И ступал он своими медвежьими вывернутыми ногами так нерешительно и осторожно, как делают это дети, которых неизвестно куда ведут старшие, — может быть, для наказания.
Такие же дощечки и надписи были у двух других больных, находившихся в восьмой палате; на одной стояло «Дьякон Филипп Сперанский, 50 л.» на другой — «Студент Константин Торбецкий, 23 лет».
Вскоре после взвешивания Лаврентия Петровича впервые осматривали доктора; одеты они были в белые балахоны и оттого казались особенно важными и серьезными.

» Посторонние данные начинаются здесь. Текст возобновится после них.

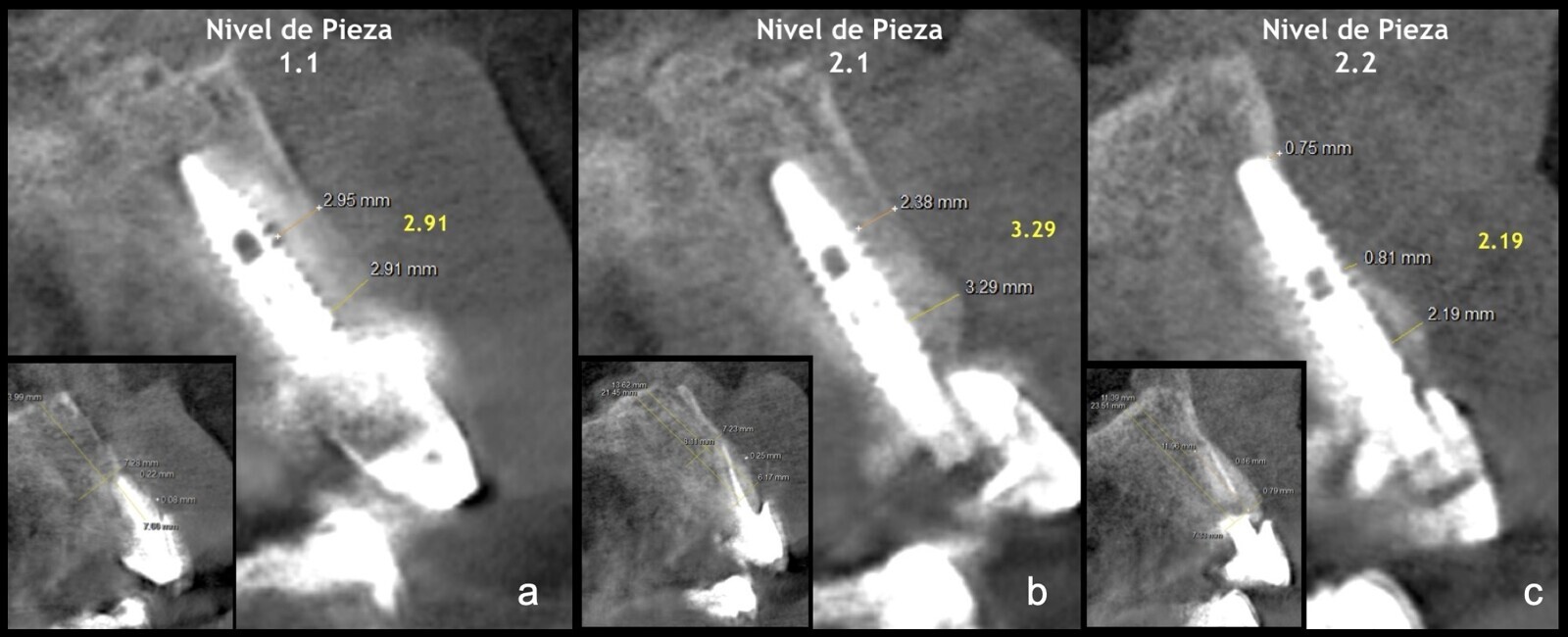 Figura 32. Control a los 4 meses post quirúrgicos (a), donde se evidencia la formación de una nueva tabla ósea vestibular crestal (b), mayor a 2 mm en todos los implantes colocados (c).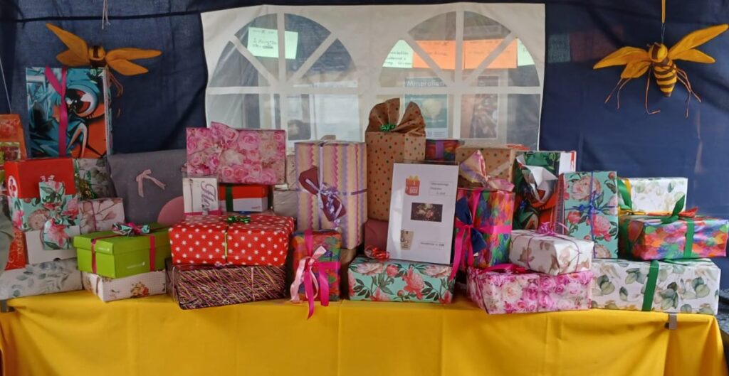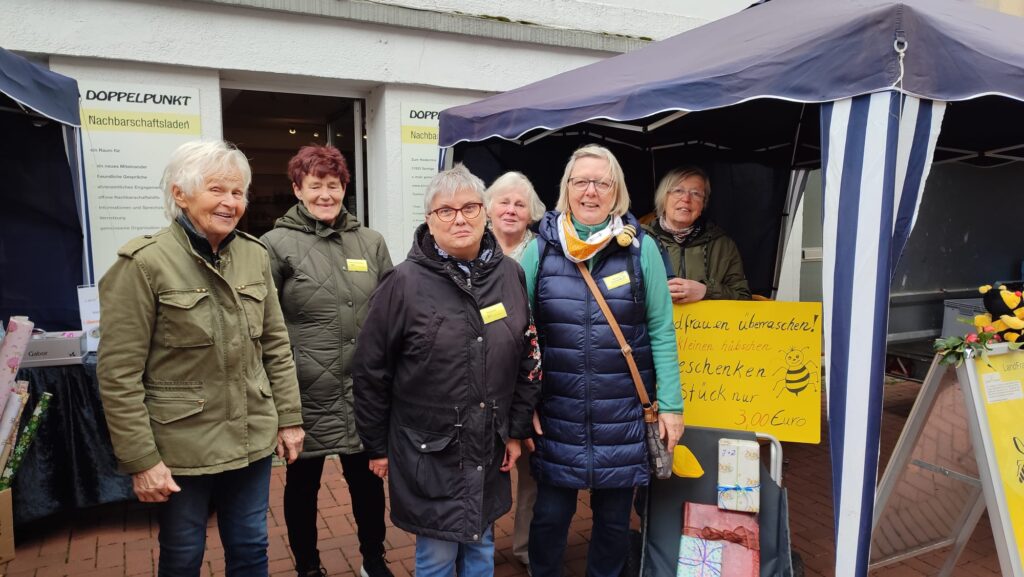 Vor dem „Doppelpunkt“ in der Fußgängerzone warten die LandFrauen mit velen Überraschungspäckchen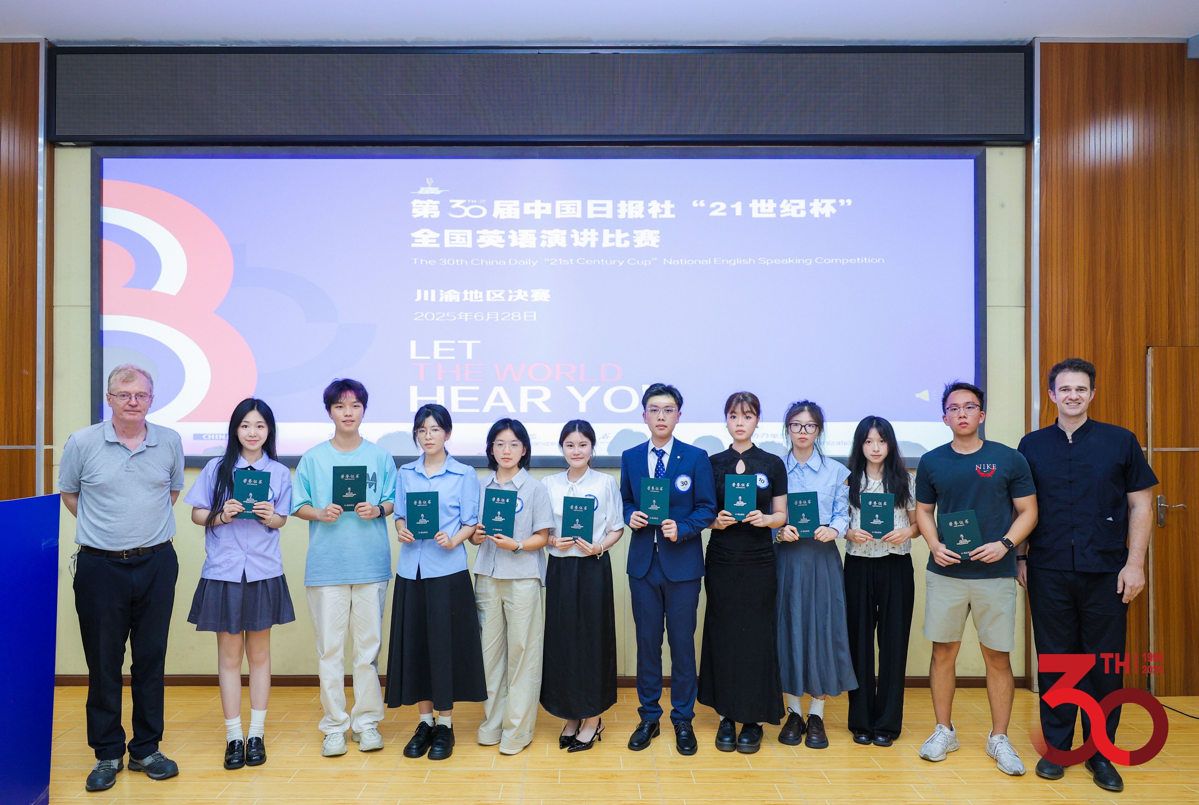 6月28日,第30届中国日报社“21世纪杯”全国英语演讲比赛“川渝”地区决赛在成都理工大学圆满落幕。本次地区赛吸引了来自重庆大学、四川大学、电子科技大学等20余所高校的41名优秀学子同台竞技。经过激烈角逐,我校郑子熙(24级数据科学与大数据技术专业)和杨馥榕(24级网络与新媒体专业)同学在基础学院蹇佳、谭涛指导下,脱颖而出,双双荣获三等奖。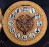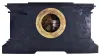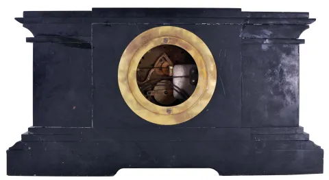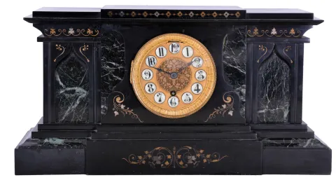 Boston Clock Co., Boston Mass., black mantel clock, 8 day, time and strike with single arbor tandem wind in a black slate case with green marble accents and fancy dial with raised cartouche numerals, c1895. This clock is in nice condition except for a crack on the upper left side. The handsome dark green and white marble accents, beveled glass, and dial are in nice shape. The hands are original. The back door is missing. The signed movement is stamped with serial number "B 6280". The movement winds, ticks and strikes, but was not tested long term.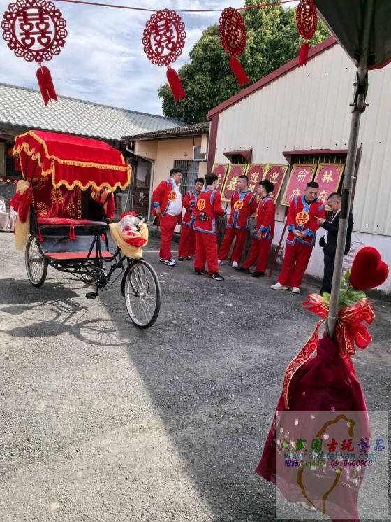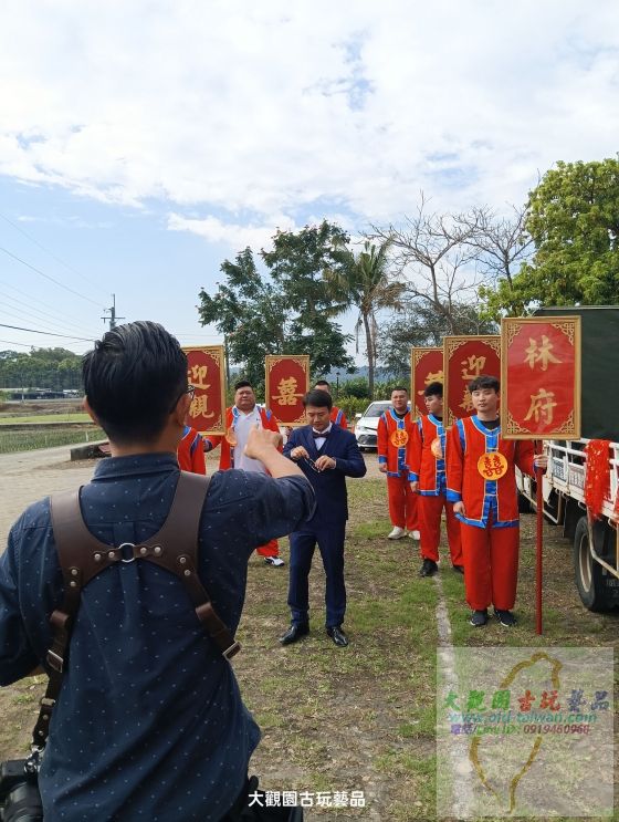 當道具裝飾完成後,新郎與夫家親友車隊到達現場,開始進行第一場訂婚儀式.....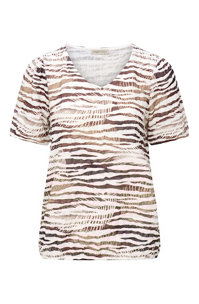 Dreamstar dames shirt model Jolly met zebra print in bruin en beige tinten, V-hals en elastische boord.

Выходило из его отрывочных ответов, что он много ел, много пил, много любил женщин и много работал; и при каждом новом «много» Лаврентий Петрович все менее узнавал себя в том человеке, который рисовался по его словам.
Похоже было на то, что Лаврентий Петрович куда-то очень далеко едет, и все вокруг него носило характер временности, неприспособленности для долгого житья.
От белых стен, не имевших ни одного пятна, и высоких потолков веяло холодной отчужденностью; полы были всегда слишком блестящи и чисты, воздух слишком ровен — в самых даже чистых домах воздух всегда пахнет чем-то особенным, тем, что принадлежит только этому дому и этим людям.
Доктора и студенты были всегда внимательны и предупредительны: шутили, похлопывали по плечу, утешали, но, когда они отходили от Лаврентия Петровича, у него являлась мысль, что это были возле него служащие, кондуктора на этой неведомой дороге.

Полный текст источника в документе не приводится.